Fixing the Pytube Bug: Navigate to the Pytube library directory, locate the cipher.py file, and remove the semicolon from the problematic regex pattern on line 287.
Installing ffmpeg: Detailed installation instructions can be found online. Successful installation will allow the ffmpeg command to run in your terminal.

Creating Streamlit Secret File

Our auto-dubbing app will use various AI services that require access keys. It is best practice to manage these keys in a separate file. Streamlit utilizes a secrets.toml file to store sensitive information. After creating this file, specify your API keys accordingly.

Creating the autodubs.py File

Create a new autodubs.py file in your project directory. Begin writing your app, incorporating additional UI elements and functionalities.
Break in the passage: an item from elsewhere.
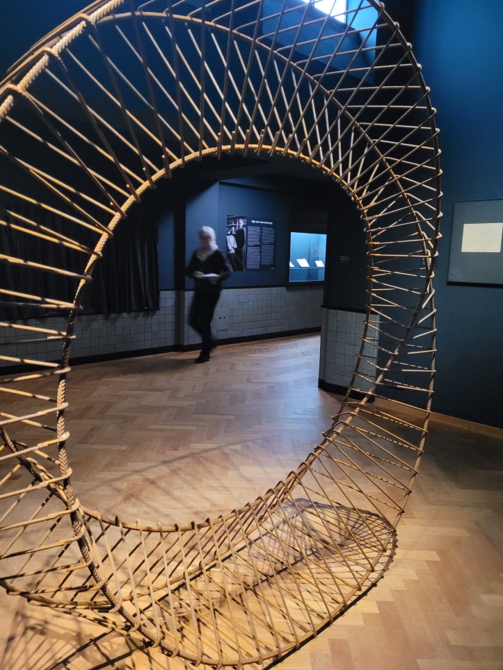 M.C, Escher (1898 – 1972) is, of course, world famous for his black-and-white prints, his dreamed (and,more often than not) archtectural structures, his curved lines that have no beginning and no end, his tessellations (fish changing to birds, bats to butterflies, black to white and white to black), his repetitions ans mirroring, his labyrinths… In this exceptional exhibition in the Kunstmuseum in The Hague, every room is dedicated to one of thes themes. And every theme is accompanied or represented by an extraordinary installation. The room shown here, for instance, is deidcated to the theme infinity. Curved lines that don’t end, and form the ‘infinity’ symbol…

Adding Video Transcription Feature using OpenAI's Whisper

Next, add a handler for our "Transcribe!" button. This will download the audio stream and transcribe it using OpenAI's Whisper. Import the necessary libraries and define functions to manage audio handling before invoking the echo function.

Adding Translation Feature using Anthropic's Claude

Develop a translation function to send prompts to Claude using the anthropic library, instructing it to get directly to the translation without preliminary remarks.

Adding Dubs Generation Feature using ElevenLabs' API

Generate dubs by defining the corresponding function, utilizing the ElevenLabs API to create an audio output from the translated text.

Final Touch - Combining the Video with the Generated Dubs

Retrieve the video stream and combine it with the generated dub audio file using ffmpeg. Ensure that this process completes successfully before displaying the merged video in your user interface.

Testing the Auto Dubbing Service

Run your app, test its functionality, and ensure that everything works correctly. The video player will appear, allowing users to enjoy the newly dubbed video.

Conclusion

Throughout this tutorial, we successfully built an automatic dubbing service for YouTube videos! With tools like OpenAI's Whisper for transcription, Anthropic's Claude for translation, and ElevenLabs for voice generation, we’ve created a streamlined, effective auto-dubbing process. Many thanks to the Streamlit library for simplifying our UI development!